MSF
- Merged into: Amicus
- Founded: 1988
- Dissolved: 2001
- Location: United Kingdom;
- Members: 604,000 (1991)
- Key people: Clive Jenkins, Ken Gill, Roger Lyons
- Affiliations: TUC, CSEU

= Manufacturing, Science and Finance =

Former trade union of the United Kingdom

Manufacturing, Science and Finance (or the Manufacturing, Science and Finance Union; almost exclusively known as MSF) was a trade union in Britain.
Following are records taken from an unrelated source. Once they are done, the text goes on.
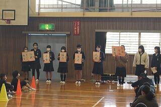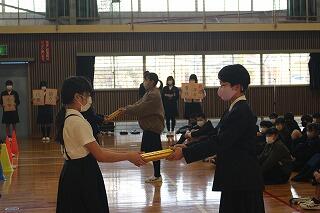6年生から5年生へ「代表」「支え」「協力」「手本」「伝統」「責任」の6つの言葉を贈りました。
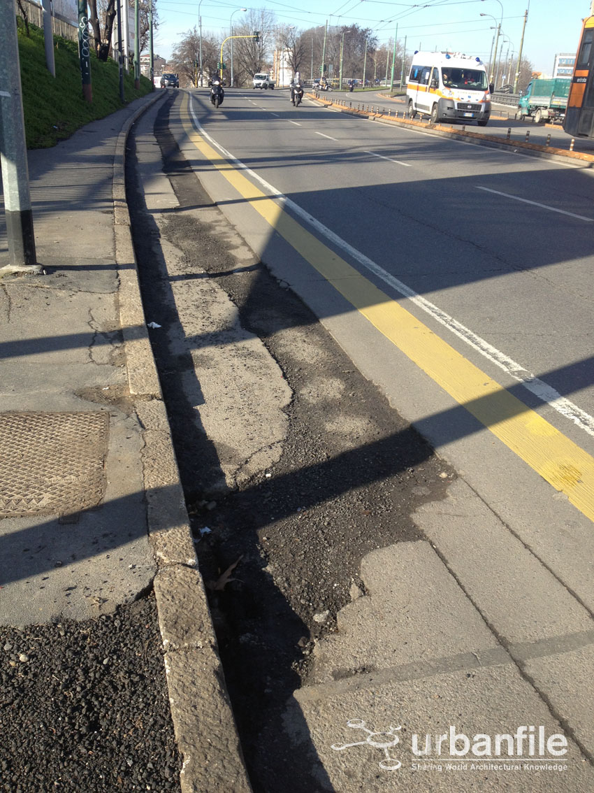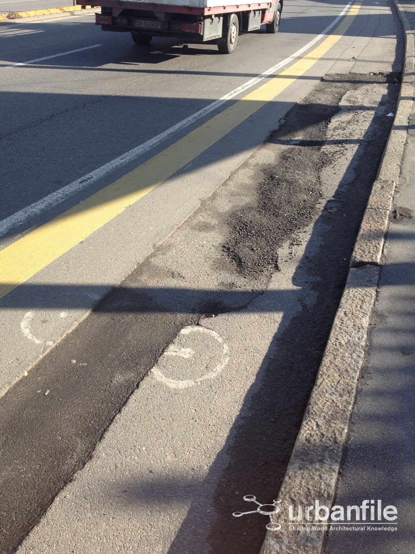 Nella zona di San Cristoforo, lungo Viale Cassala, tempo fa venne creata una pista ciclabile, semplicemente segnata a terra con la vernice. Stranamente è stata quasi sempre rispettata dagli automobilisti. Peccato che recentemente sia stata interessata da un lavoro di scavo per motivi tecnici, e sia stata poi risistemata in modo così grossolano da lasciare una piccola fenditura nell’asfalto. Questo solco di circa due centimetri è decisamente pericoloso per le biciclette, specie quelle da corsa: infatti alcuni ciclisti, che son passati nel momento in cui stavo osservando la cosa, si sono tenuti alla larga dalla pista ciclabile invadendo nella carreggiata. Sarà il caso che il Comune intervenga al più presto.
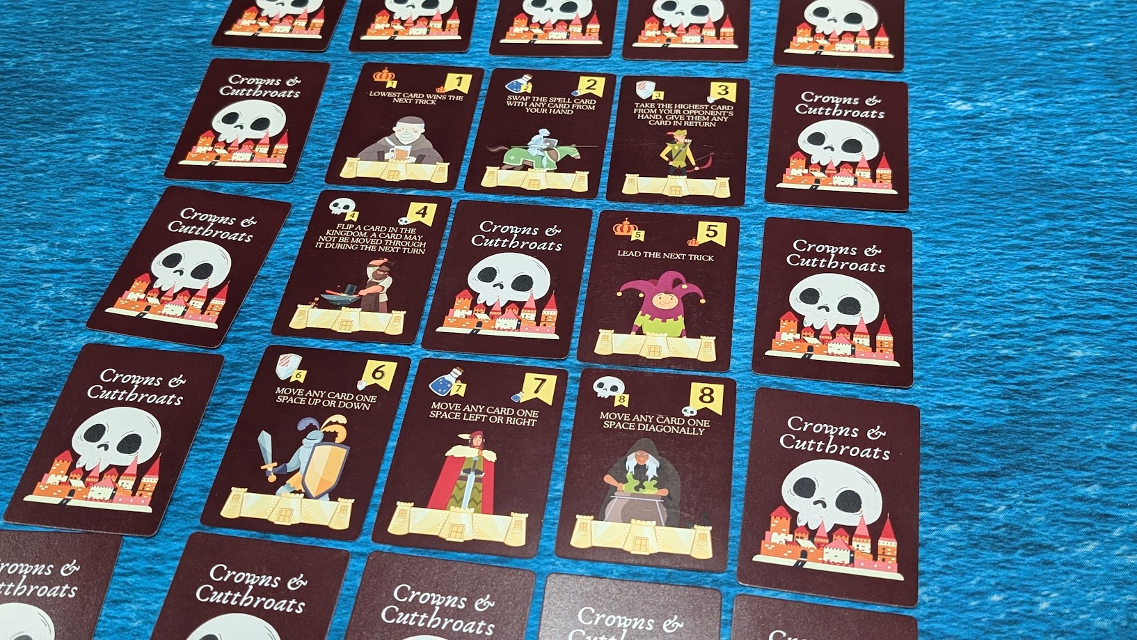 CROWNS & CUTTHROATS has a similar idea with the use of it’s card powers. There are four suits in the game, with cards in each suit numbered 1-8. Each number has it’s own potentially useful ability which is only activated by the tricks loser each turn.
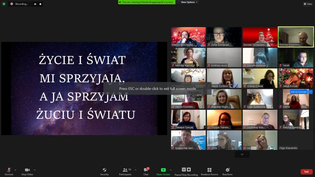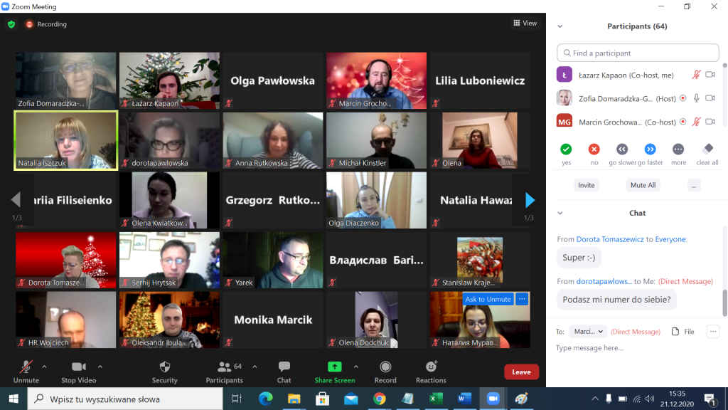 Wszystkie szkolenia odbyły się, ze względu na trwającą pandemię, online. Spotkania odbywały się za pośrednictwem platformy Zoom.

Over eighty members of Parliament (primarily members of the Labour Party) were members.

==History==
The MSF was the result of a merger in January 1988 between the Association of Scientific, Technical and Managerial Staffs (ASTMS) and the Technical, Administrative and Supervisory Section (TASS). In 1991, it had 604,000 members, but this fell to 446,000 in 1996, the most rapid decline of any major British union.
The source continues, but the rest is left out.